Pressure-Induced Valence Transitions in Rare Earth Chalcogenides and Pnictides

Abstract

The electronic structure of rare earth chalcogenides and pnictides is calculated with the ab-initio self-interaction corrected local-spin-density approximation (SIC-LSD). This approach allows both an atomic-like description of the rare earth f-electrons and an itinerant description of other electronic degrees of freedom. Specifically, different formal valencies of the rare earth atom, corresponding to different f-shell occupancies, can be studied and their energies compared, leading to a first-principles theory for pressure-induced valence transitions. SIC-LSD calculations for cerium monopnictides and monochalcogenides, Yb monochalcogenides, and EuS are presented. The observed equilibrium lattice constants are well reproduced assuming a trivalent Ce configuration and divalent Eu and Yb configurations.

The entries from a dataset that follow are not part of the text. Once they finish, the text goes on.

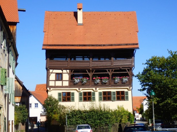 It is a very lovely place. Despite the depredations of various wars including two significant battles (in 1634 and 1645), during the Thirty Years’ War. It still has its city wall, around which we made a pleasant walk and you enter the town by one of its medieval gates set at the compass points. A lot of the beautifully preserved buildings have a slightly “shimmery“ look. They are constructed principally from a rock called suevite that was created by the heat of the meteor impact and contain billions of microscopic diamonds !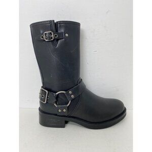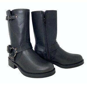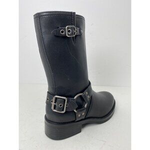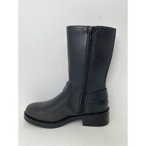 Steve Madden Girls Size 2 Beckky Black Faux Leather Side Buckle Zipper Boots New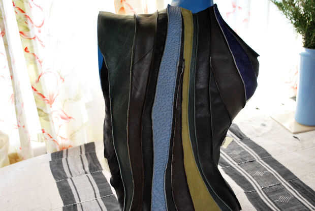 Había cosido todas las piezas en orden, con margen de costura de 1/4" y luego recortar las asignaciones hasta 1/8" 3. Luego lo pongo en el formulario y lo oportuno. Excelente noticia! Las costuras eran un poco desordenado y desigual, pero serán limpiadas y pintadas posteriormente. Grabado en los bordes de las piezas de cuero para el maniquí para ayudarles a mantener su forma y dejarlo reposar un rato.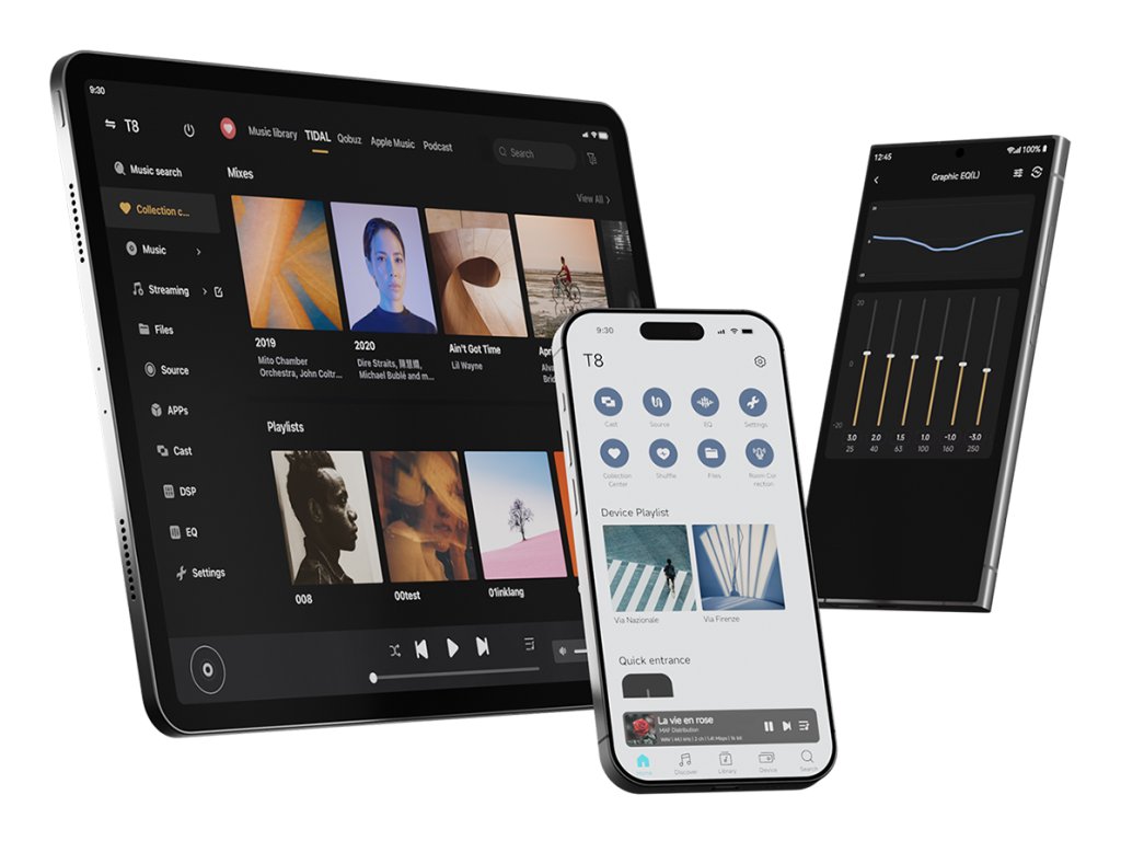 T8 podporuje různé vysoce kvalitní audioformáty, včetně DSD, PCM, FLAC, APE a WAV, s podporou až DSD512 a PCM 768kHz/32bit, čímž zajišťuje profesionální zvuk ve studiové kvalitě.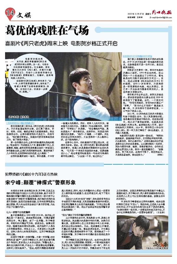 电影贺岁档本周末开启,葛优带着喜剧《两只老虎》回归观众视野。这一次,与他合作的是新导演李非。作为编剧,李非曾为王小帅写《闯入者》,为姜文打磨《邪不压正》,而他个人的首部导演作品《命运速递》更得到姜文、刘德华、娄烨等电影人的好评。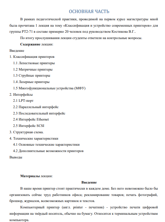 В рамках педагогической практики, проводимой на первом курсе магистратуры мной была прочитана 1 лекция на тему «Классификация и устройство современных принтеров» для группы РТ2-71 в составе примерно 20 человек под руководством Костикова В.Г.. По итогу прослушивания лекции студенты ответили на контрольные вопросы.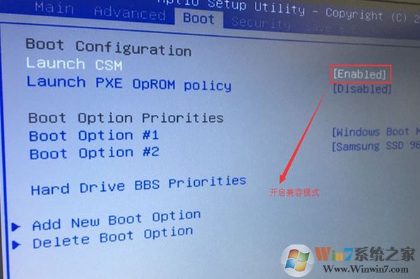 2、切換到BOOT的選項,把Launch CSM由disabled改成enabled,開啟兼容模式,然后按F10保存設(shè)置;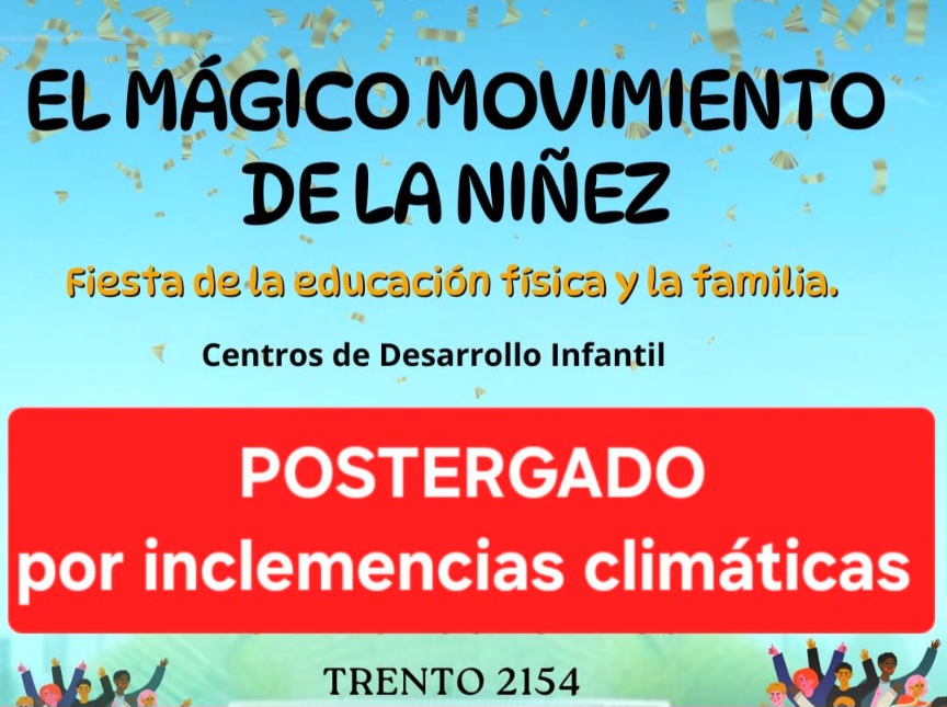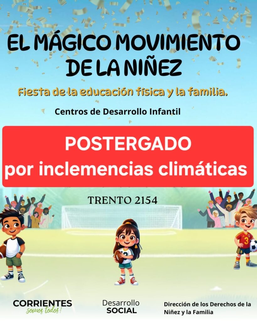 La Fiesta de la Educación Física y la Familia de los Centros de Desarrollo Infantil, ha sido postergada por las inclemencias climáticas en la fecha. La misma debía realizarse este jueves a las 19, en el Estadio Club Boca Unidos de Corrientes.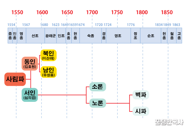 이들 무리의 싸움이 붕당정치의 시작이야.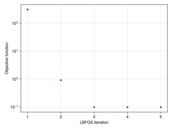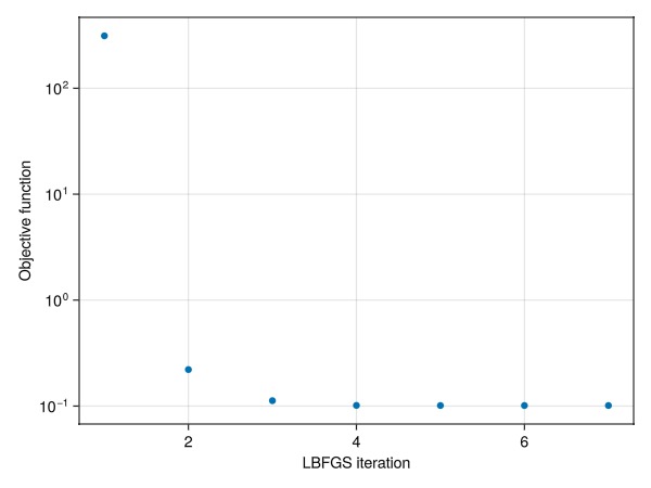 ax = Axis(fig[1, 1], xlabel = "LBFGS iteration", ylabel = "Objective function", yscale = log10)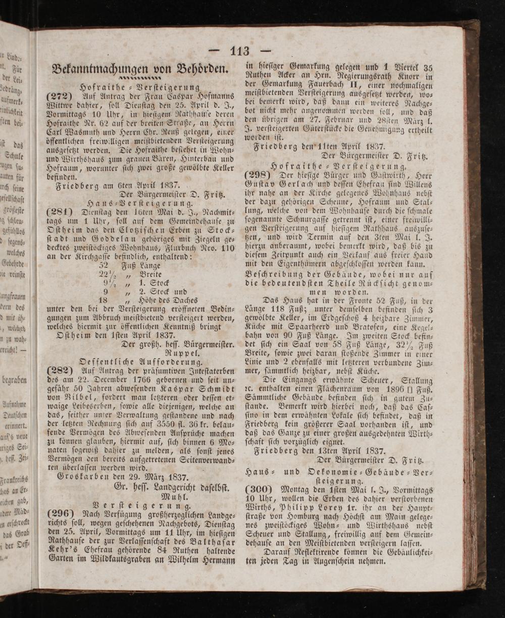 befinden. Friedberg am sten April 1837. Der Bürgermeiſter D. Fritz. Haus-Verſteigerung. (281) Dienſtag den 16ten Mai d. J., Nachmit— tags um 1 Uhr, ſoll auf dem Gemeindehauſe zu Oſtheim das den Clotziſchen Erben zu Stock— ſtadt und Goddelau gehöriges mit Ziegeln ge— decktes zweiſtöckiges Wohnhaus, Flurbuch Nro. 110 an der Kirchgaſſe befindlich, enthaltend: 52 Fuß Länge Lp reite I Stock 9 2. Stock und 18„ Höhe des Daches unter den bei der Verſteigerung eröffneten Bedin— gungen zum Abbruch meiſtbietend verſteigert werden, welches hiermit zur öffentlichen Kenntniß bringt Oſtheim den Iſten April 1837. Der großh. heſſ. Buͤrgermeiſter. Ruppel. Oeffentliche Aufforderung. (282) Auf Antrag der präſumtiven Inteſtaterben des am 22. December 1766 gebornen und ſeit un gefähr 50 Jahren abweſenden Kaspar Schmidt von Vilbel, fordert man letzteren oder deſſen et— waige Leibeserben, ſowie alle diejenigen, welche an das, ſeither unter Verwaltung geſtandene und nach der letzten Rechnung ſich auf 3550 fl. 36 kr. belau⸗ fende Vermögen des Abweſenden Anſprüche machen zu können glauben, hiermit auf, ſich binnen 6 Mo— naten ſogewiß dahier zu melden, als ſonſt jenes Vermögen den bereits aufgetretenen Seitenverwand— ten überlaſſen werden wird.. Groskarben den 29. März 1837.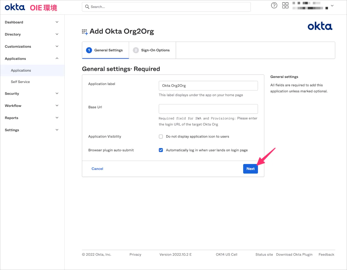 - General Settings画面でApplication labelを確認し、必要に応じて変更し、Nextをクリックします。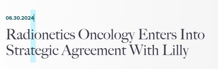 2024年6月30日,禮來與Radionetics達(dá)成合作,引進其小分子GPCR靶向核藥技術(shù)。同時,禮來獲得10億美元收購Radionetics的排他權(quán)。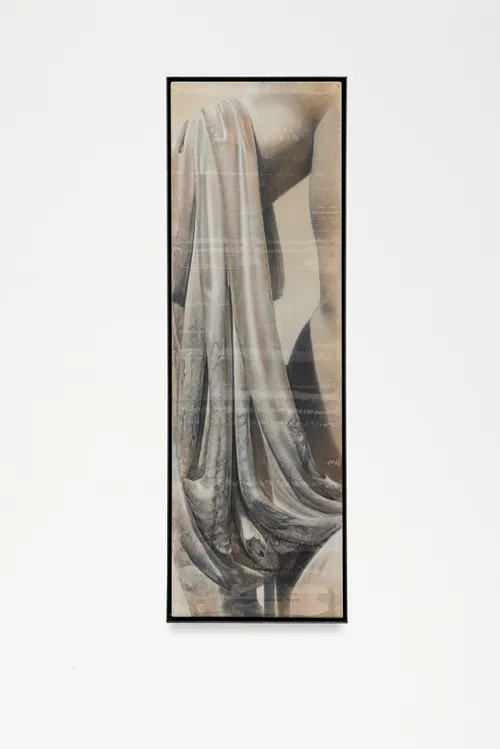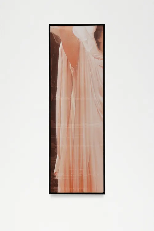 In his current show at London gallery Sid Motion, Graham Silveria Martin has two tall, narrow paintings that tightly crop details of historical works. For instance, the Scottish artist’s ethereal acrylic painting Cloak of Theseus (after Canova) (2025) is inspired by Antonio Canova’s marble sculpture Theseus and the Minotaur (ca. 1782). “I was aware of a connection with art historical religious painting…to suggest reverence for the subject in its totemic form.” He also noted that the shape offers “the suggestion of a panel that makes up the anatomy of an altarpiece.”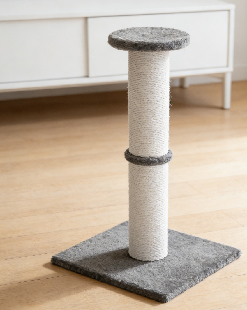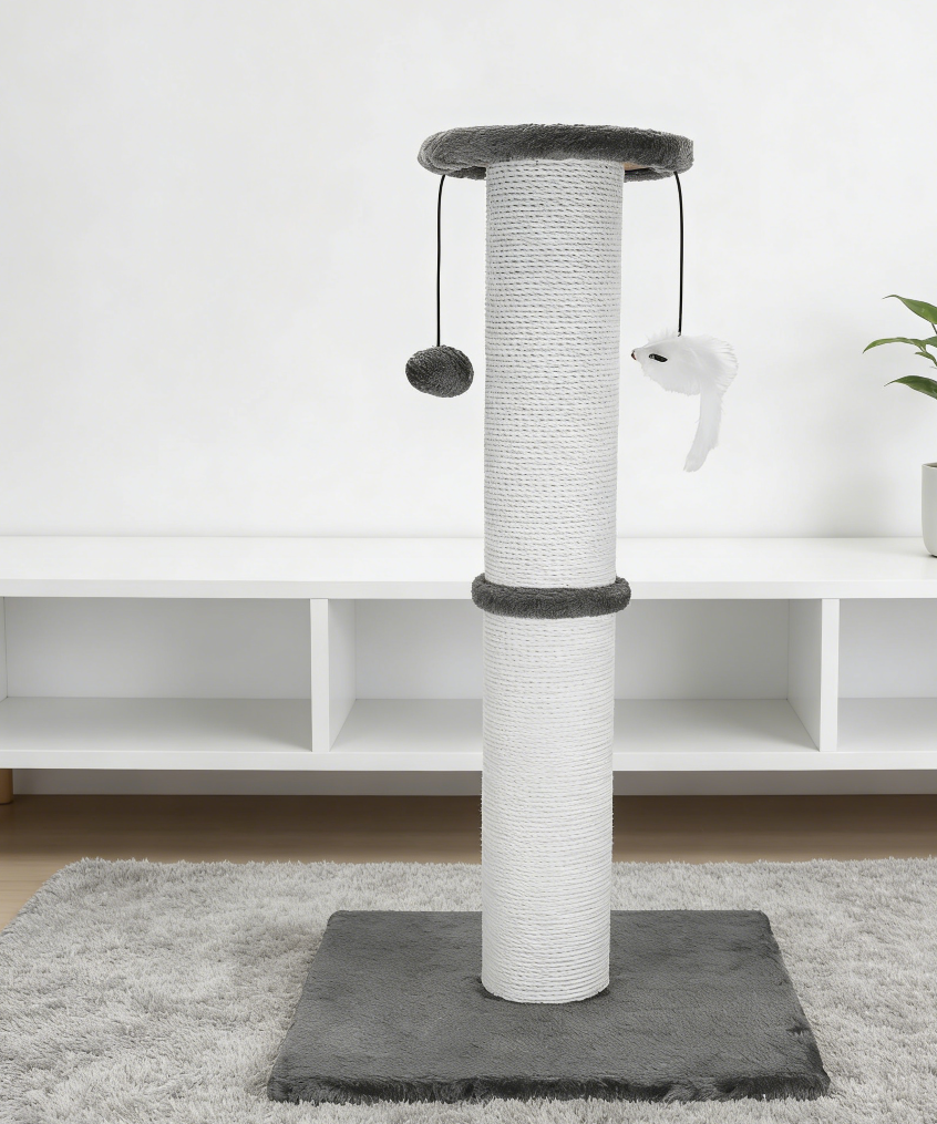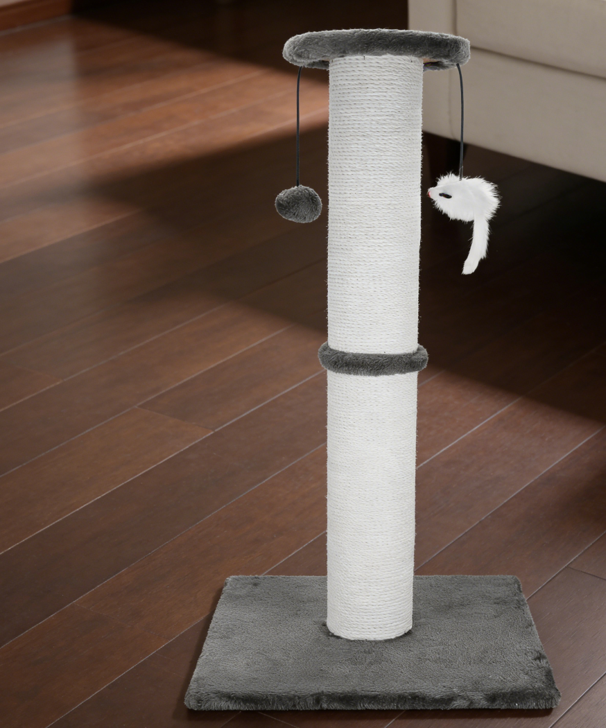This cat scratching post features a cotton rope wrapped column and a sturdy base. Hanging toys add an interactive element for play.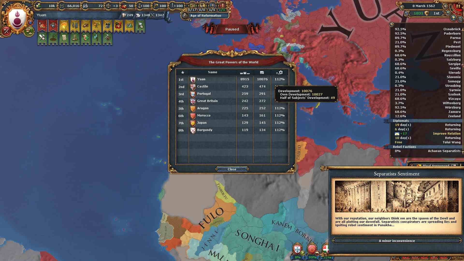 アフリカ以外の旧世界のほとんどを征服していますが、ここでようやく総開発度が10000を超えました。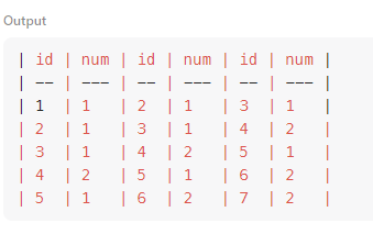 , LEAD(num,1) OVER (ORDER BY id) AS next_1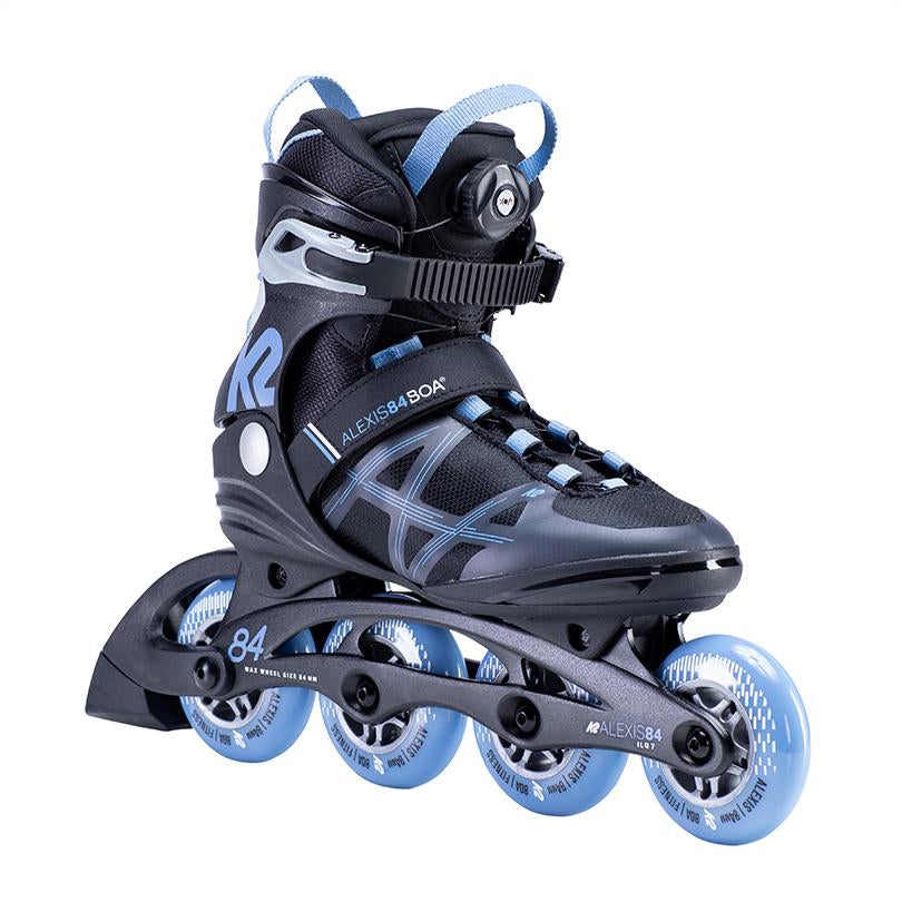 The K2 Alexis is a light, breathable, and comfortable skate. With K2's softboot design and the Boa lacing system, the Alexis is an incredibly easy skate to slip on and tighten up quickly! The longer frames provide more stability making the Alexis a great skate for outdoor trail skating, but the skate is still maneuverable enough to be fun to use in more restricted areas like an indoor rink.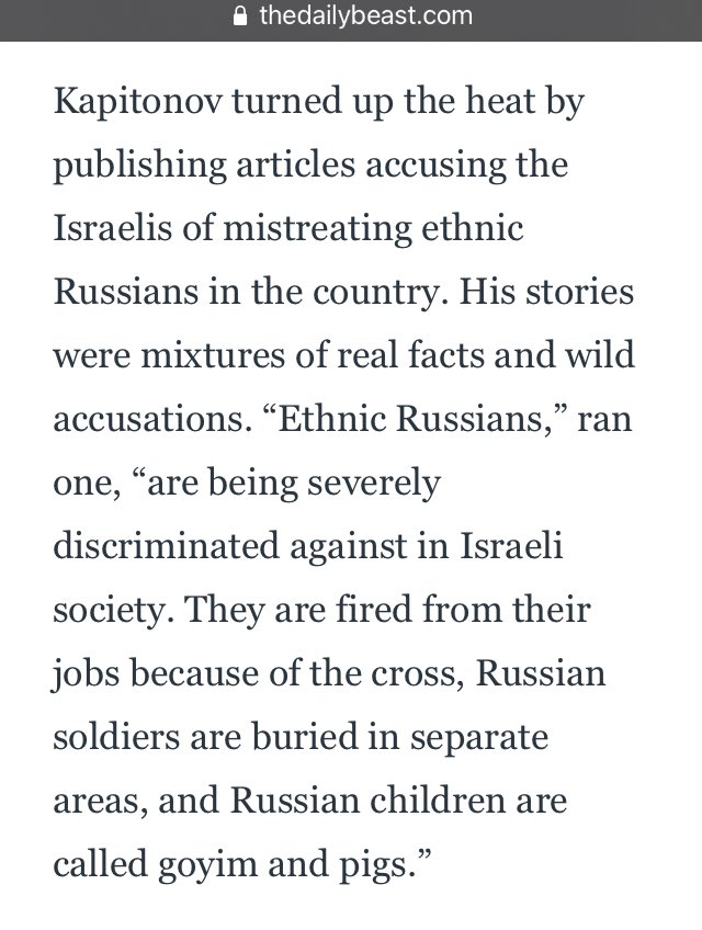Kapitonov turned up the heat by publishing articles accusing the Israelis of mistreating ethnic Russians in the country. His stories were mixtures of real facts and wild accusations.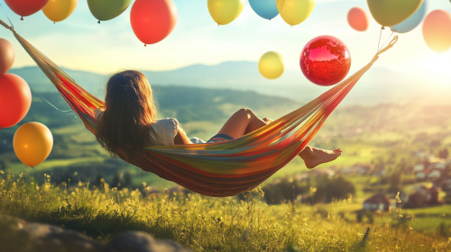 A woman relaxes in a hammock held by colorful balloons, cradling a red glass ball, reflecting light around her. The scene is set against a lush, green hilly landscape, adding a tranquil backdrop to the magical moment. --ar 16:9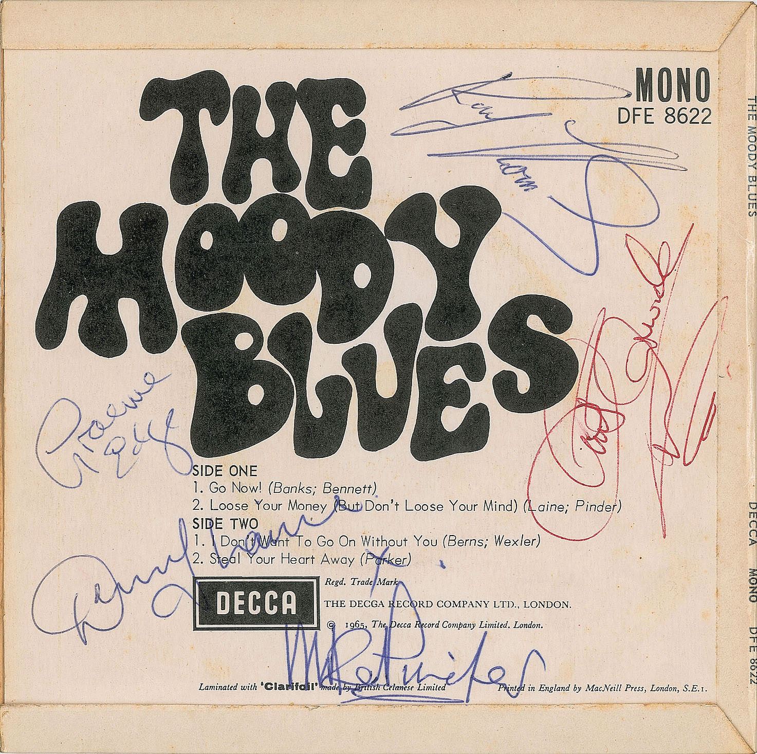 Decca Records 45 RPM record for the Moody Blues' self-titled EP, signed on the back cover in blue ballpoint by Denny Laine, Mike Pinder, Ray Thomas, and Graeme Edge, and in red ballpoint by Clint Warwick. In fine condition, with some corner creasing to the front. The record is included.

The trends in the high pressure behavior of these systems are discussed. With applied pressure, isostructural phase transitions are found to occur in CeP and CeS, caused by the delocalization of the Ce f-electron, while in the heavier Ce compounds, the structural B1 → B2 transition happens before f-electron delocalization occurs. Similarly, both Eu and Yb chalcogenides transfer to trivalent configurations with pressure, in accordance with observation.